Réponse : à 92% des contribuables de la province sud, à 6% des contribuables de la province Nord, et … à 2%, des contribuables de la province des Iles Loyauté. Quant aux consommateurs, il suffit de rappeler que 76% de la population habite et consomme en province Sud. Tout cela à epsilon près.

S’il faut donc que les « collectivités » renflouent seules Air Cal, ce sont en réalité les contribuables qui le feront, et donc essentiellement ceux de la province Sud. A moins que ce cochon de contribuable métropolitain …

LA COUR DES COMPTES « FLINGUE » LA DÉFISC NICKEL EN CALÉDONIE ET RECOMMANDE LA SUPPRESSION DE LA DÉFISCALISATION « GIRARDIN »

La Cour des Comptes a adressé au Premier ministre le 3 janvier dernier, un rapport saignant sur « Vingt ans de soutien financier de l’État à la filière du nickel en Nouvelle-Calédonie ». Doutes sur le remboursement des dettes et sur l’efficacité économique du dispositif, risques jugés élevés, évocation de risques de fraude, la charge est violente. Elle se conclut, naturellement pourront-on dire, par une recommandation visant à supprimer le régime de défiscalisation Outre-mer …

CRITIQUES ET RISQUES SUR LES PRÊTS ACCORDÉS AUX USINES
Le rapport des « sages de la rue Cambon » ne fait guère dans la nuance. Les têtes de chapitre donnent le ton.

« Prêt risqué de l’AFD (20 milliards CFP en 2011 ndlr) visant à accompagner la construction de l’usine KNS » avec en commentaire  » Le risque de non remboursement du prêt de l’AFD demeure, comme en témoigne le provisionnement élevé de la créance par l’AFD. » Pour la SLN, le prêt de 24 milliards CFP accordé en 2016 court le risque de ne pas être remboursé dans de bonnes conditions en 2024, sauf « en cas de succès du plan de sauvetage mis en oeuvre par l’entreprise et de conditions externes à celle-ci (cours du nickel, poursuite des autorisations d’exportation, prix de l’électricité) ».

Notant aussi bien que la compétitivité de cette entreprise repose en grande partie sur la nouvelle centrale électrique, et rappelant les différents pataquès ayant affecté ce dossier,  » la Cour recommande de clarifier les conditions du fonctionnement futur et du financement de la centrale avant d’octroyer la garantie de l’État. »
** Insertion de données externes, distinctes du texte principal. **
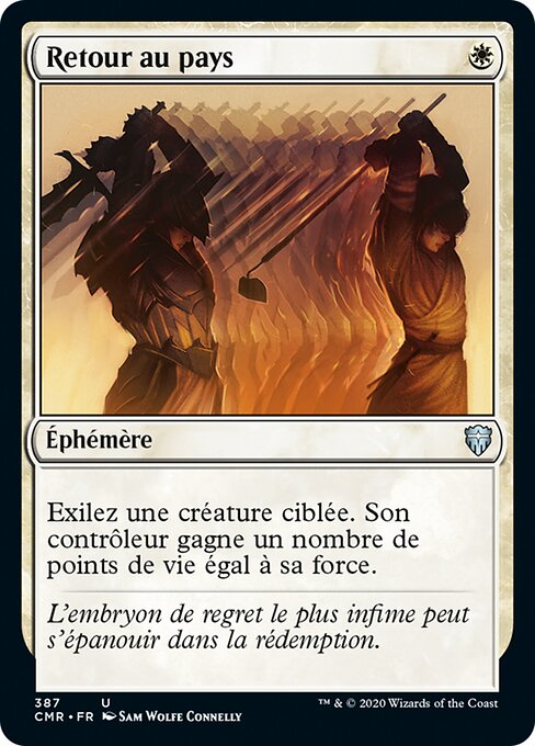 ![]() Variations— Parts— | Espadas em AradosExile a criatura alvo. O controlador da criatura ganha uma quantidade de pontos de vida igual ao poder dela.

Quant à Vale NC, bénéficiaire d’un prêt de 24 milliards CFP en 2016 au travers de Vale Canada, même si la Cour constate la régularité des remboursements effectués, « il convient de s’assurer du remboursement de ce prêt de 200 M€, qui doit, au plus tard, intervenir de façon échelonnée entre 2021 à 2026″. Enfin, sur la garantie accordée pour le financement de Lucy,  » Compte tenu du départ annoncé de Vale de Nouvelle-Calédonie, la Cour recommande que la garantie à un éventuel repreneur fasse l’objet d’un réexamen. »

SCEPTICISME SUR LA CAPACITÉ DES ENTREPRISES À REMBOURSER
Sur l’ensemble de cette œuvre, la Cour des Comptes affiche son scepticisme sur la capacité des emprunteurs à rembourser intégralement leur dette. Certes, les Sages reconnaissent que  » les interventions de l’État, notamment en 2016, étaient nécessaires pour pallier les difficultés rencontrées en raison de la baisse des cours et compte tenu de l’importance du nickel dans l’économie calédonienne« . Mais  » force est de constater qu’elles n’ont pas permis, à ce jour, de rétablir durablement la situation des entreprises et que des incertitudes subsistent sur la capacité de ces dernières à faire face aux engagements contractés à l’égard de l’État. »

RÉQUISITOIRE CONTRE LE RÉGIME DE DÉFISCALISATION
Mais c’est surtout la Loi dite « Girardin » instaurant un régime de défiscalisation qui est dans le collimateur de la Cour des Comptes.

Les titres suffisent à exprimer l’analyse des juges. « Régime complexe, coûteux, à l’efficacité incertaine », « charges financières et administratives significatives pour l’Etat », « efficacité économique très incertaine », « inefficience inhérente au dispositif« , et pour faire bonne mesure, « risque élevé de fraude« .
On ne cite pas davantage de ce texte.